| Work task |
Quote the listing below in its entirety, omitting every image.

| Dataset section |
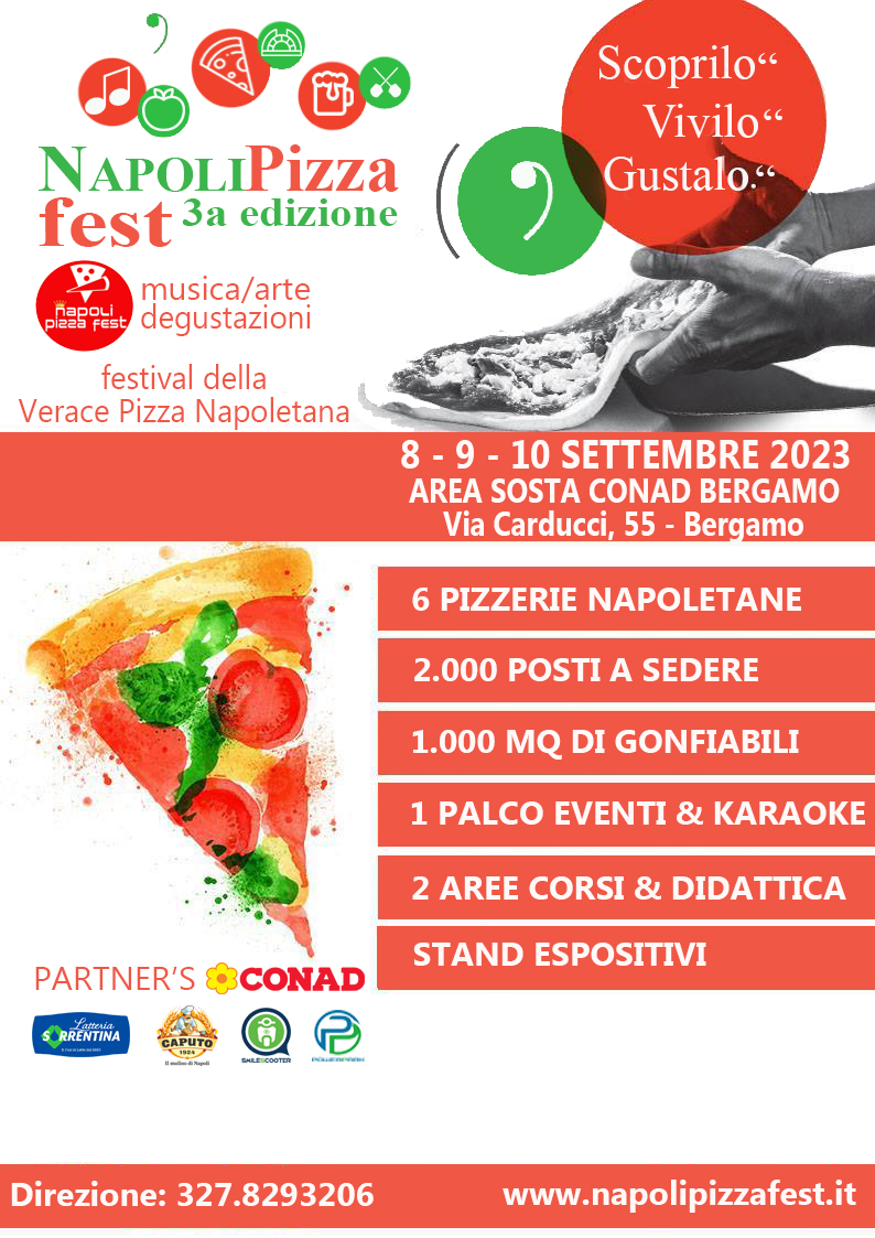 Ritorna a Bergamo il festival della verace pizza napoletana: eventi, corsi formativi e tanta pizza da gustare. Dopo lo stop della pandemia, ritorna in una nuova location, nell'ultima edizione sfornate quasi 20.000 pizze Margherita.
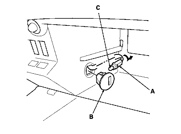 3. Twist the socket (A) to remove it from the glove box light (B).
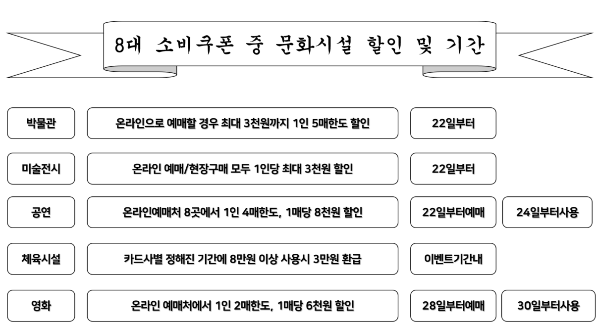 정부가 그동안 코로나19 재확산으로 제한되었던 문화 및 여가활동을 방역을 철저히 하는 전제하에 다시 8대 소비쿠폰을 통해서 지원하기로 했습니다.

| Problem solution |
 Ritorna a Bergamo il festival della verace pizza napoletana: eventi, corsi formativi e tanta pizza da gustare. Dopo lo stop della pandemia, ritorna in una nuova location, nell'ultima edizione sfornate quasi 20.000 pizze Margherita.
 3. Twist the socket (A) to remove it from the glove box light (B).
 정부가 그동안 코로나19 재확산으로 제한되었던 문화 및 여가활동을 방역을 철저히 하는 전제하에 다시 8대 소비쿠폰을 통해서 지원하기로 했습니다.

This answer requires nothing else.